As these words are recited, Shitrit is shown striking a handmade gong bell that evokes images of Buddhist monks. He gathers herbs, chops vegetables, his face covered by a thick beard. The scenes appear to take place during the Counting of the Omer. In the background, a recording of prayers from the “Tikkun HaKlali” is heard, the collection of Psalms selected by Rabbi Nachman of Breslov for those seeking atonement for sins and transgressions. As Shitrit continues working in the kitchen, his reflection in a mirror splits into two figures standing side by side, like twins, a visual expression of the fractured soul of a man who describes speaking to himself in prison, a madman, in his own words, fully aware of his madness.
The final third of the film brings its exploration of the meeting point between body and soul, matter and spirit, to its fullest expression. In a fourth letter, written on Margarita Island in Venezuela in 1998, during the period between his imprisonment in Spain and France, Shitrit describes with remarkable poeticism a desire emerging from asceticism, the shedding of the body, and rebirth:
“My body. The one that was overfed and suppressed and drugged, danced and capered, withered and melted, stripped of humanity, skin, muscle, and bone. Dissolved in water and evaporated, boiling into the air […] waisting away with the seasons, but always returning to bloom in springtime.”
Here, the figure that until now resembled a Sisyphean laborer of desert stones begins to undergo a process of physical purification. Shitrit shaves himself clean like a healed leper, scrubs his body with soap, and bathes in boiling water heated in pots. Wrapped in a tallit, the traditional Jewish prayer shawl, he prays before the endless expanse of the desert. A solitary human body facing nature, seeking forgiveness.
Yet religious purification and renewal are not the film’s concluding chord, for the human condition that emerges from it is far more tangled and complex. In the narration that closes the film, Shitrit returns to the wind, describing how it carries to him the nightly screams of his neighbors from Ramon Prison like voices haunting him from the past.

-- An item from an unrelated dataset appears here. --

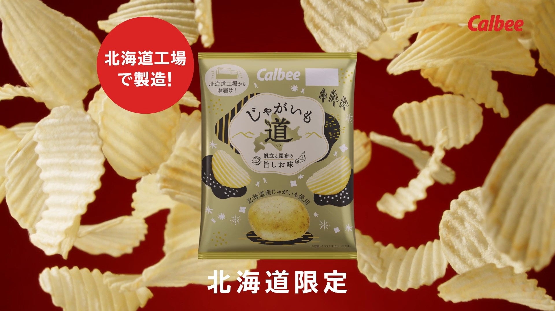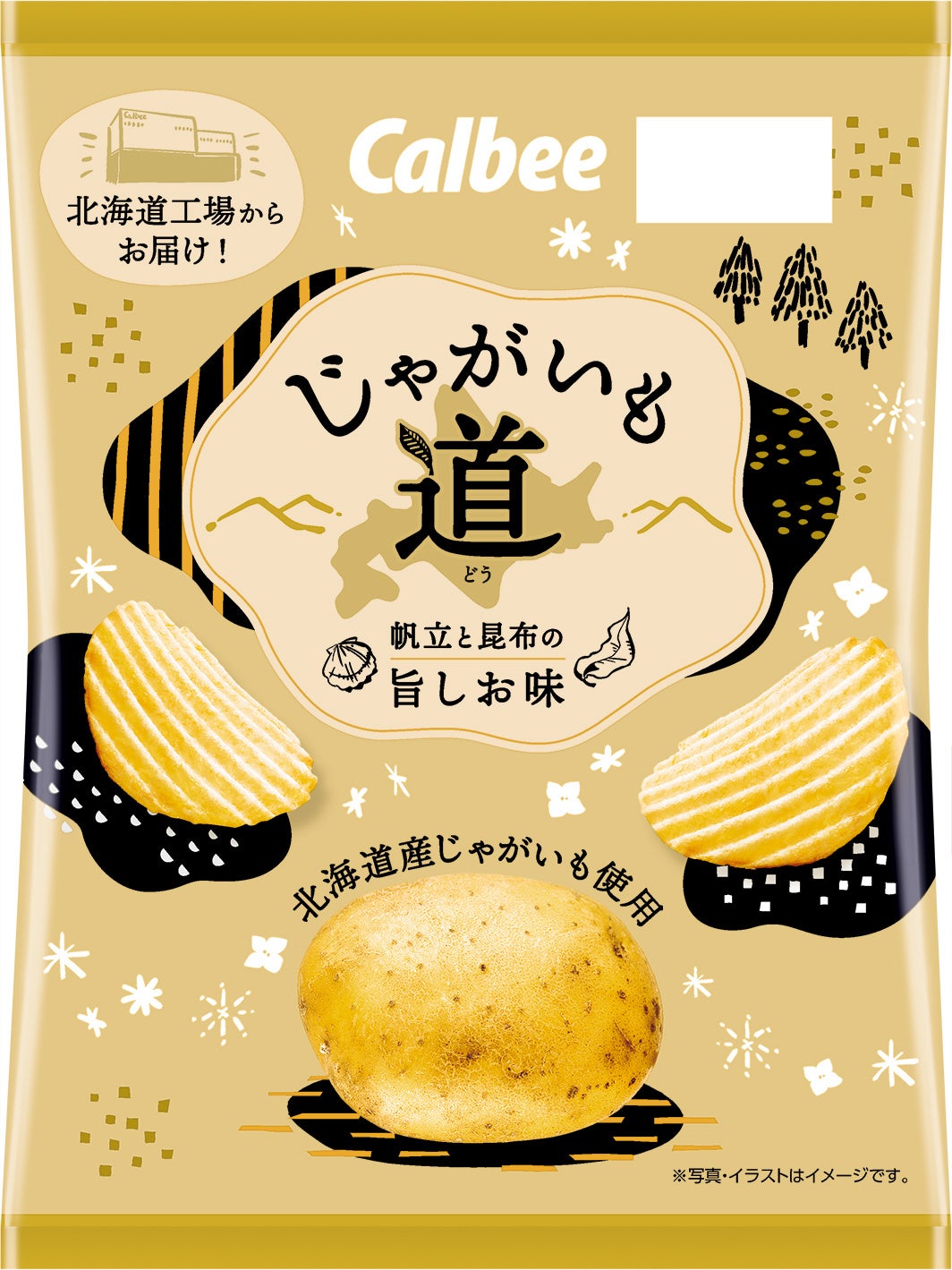 『じゃがいも道 帆立と昆布の旨しお味』は、こうした北海道との深いつながりに感謝を込め、“道民のためのポテトチップス”として開発した商品です。北海道産じゃがいもを使用し、北海道工場で製造。帆立と昆布の旨みをしっかり効かせた、満足感あるしお味です。中身の開発は北海道に縁やゆかりのあるカルビーメンバーが担当し、細部まで北海道らしさにこだわりました。2022年に初めて発売したところ、“今まで食べたポテトチップスで一番おいしい”“帆立と昆布のうま味が効いていてクセになった”(一部抜粋)などと、お客様から大変好評をいただきました。そこで、評価が高かった中身は変えず、パッケージを改良。今年も北海道産じゃがいもの収穫本格化に合わせて発売する運びとなりました。北海道産じゃがいもが使用できる翌年の5月ごろまでに限って販売いたします。

“My neighbors in prison are the cruelest monsters of this generation,” he says in narration. “I recognize their faces. I know them. I understand them. I have to put them to sleep, so I can fall asleep myself. Because those monsters are also in me, too. Deep inside me, too.” Shimon (Sami) Shitrit passed away in 2025 after a prolonged battle with cancer. Turn Over the Stones, which preserves his memory, offers a glimpse into his talents and into an inner world that was deeply human, fractured, and profoundly complex. One may hope that he found release from the demons that haunted him. And perhaps, within the patient silence the film invites, viewers may find themselves reflecting on their own prisons, the monsters within them, and the stones they long to turn.